(TASK)
An exact copy of the data below is needed; please leave out any pictures.

(SUPPLIED INFORMATION)
════

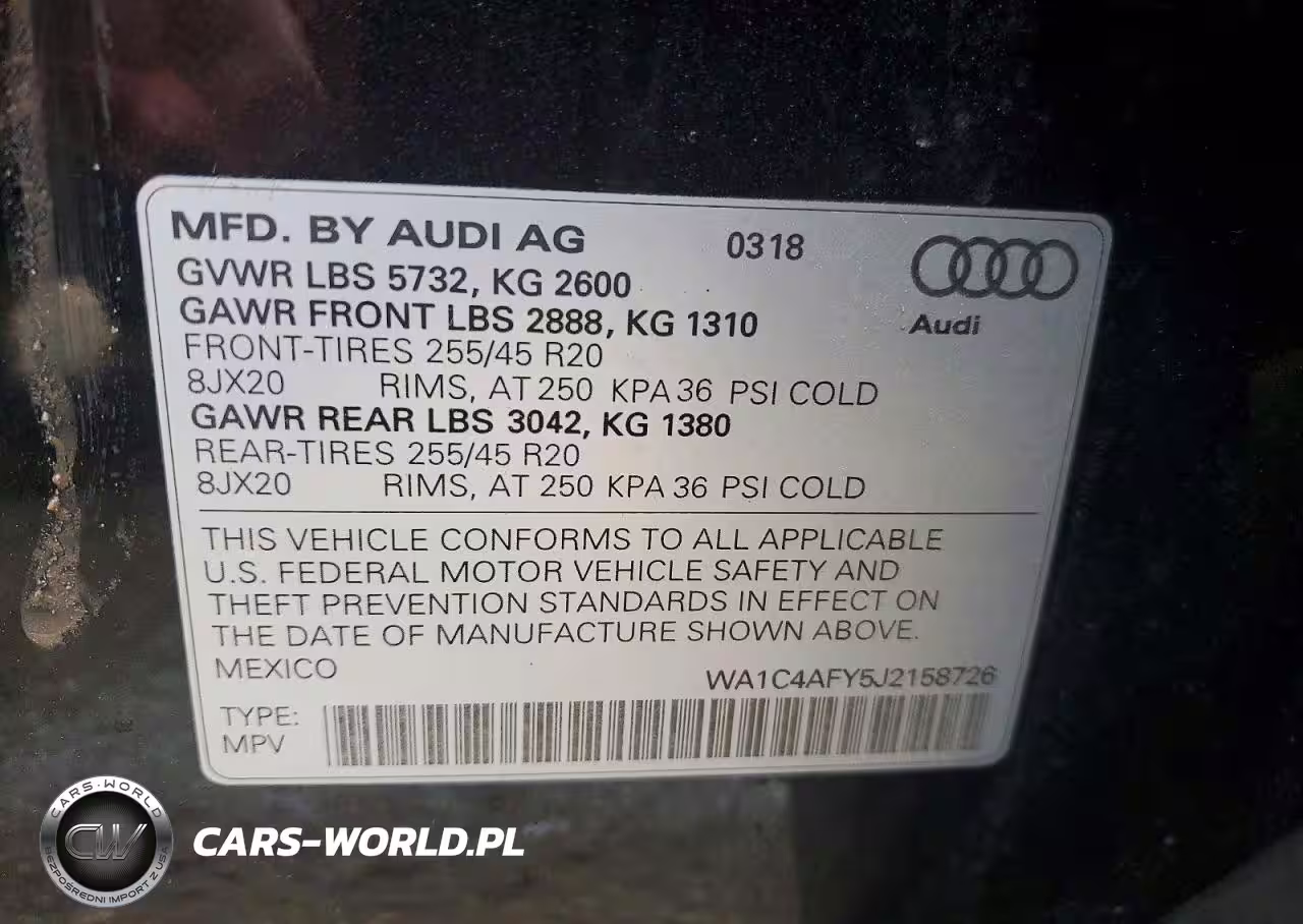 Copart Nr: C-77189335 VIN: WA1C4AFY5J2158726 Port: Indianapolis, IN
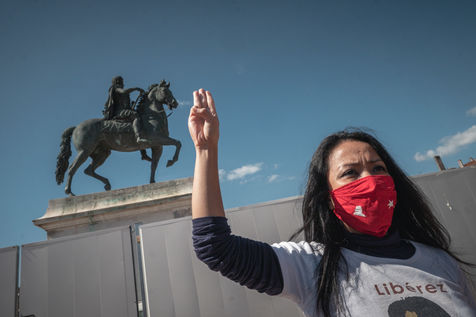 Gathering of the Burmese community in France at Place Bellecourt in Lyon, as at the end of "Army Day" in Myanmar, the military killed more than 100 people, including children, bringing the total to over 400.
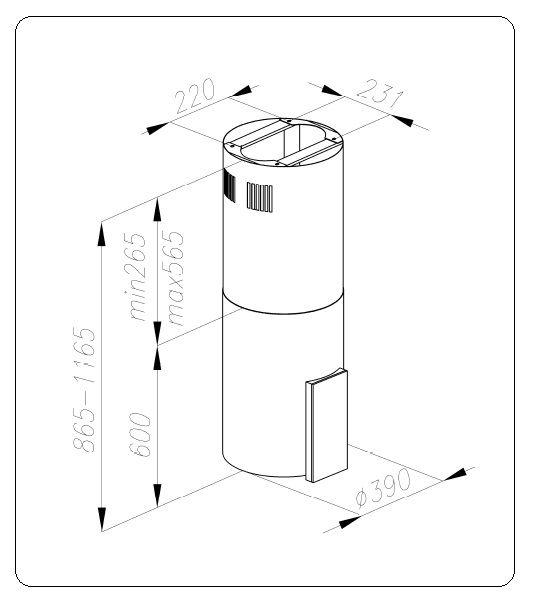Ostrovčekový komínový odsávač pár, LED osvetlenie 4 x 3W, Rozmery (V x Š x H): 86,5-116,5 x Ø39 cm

════

(TASK OUTPUT)
 Copart Nr: C-77189335 VIN: WA1C4AFY5J2158726 Port: Indianapolis, IN
 Gathering of the Burmese community in France at Place Bellecourt in Lyon, as at the end of "Army Day" in Myanmar, the military killed more than 100 people, including children, bringing the total to over 400.
Ostrovčekový komínový odsávač pár, LED osvetlenie 4 x 3W, Rozmery (V x Š x H): 86,5-116,5 x Ø39 cm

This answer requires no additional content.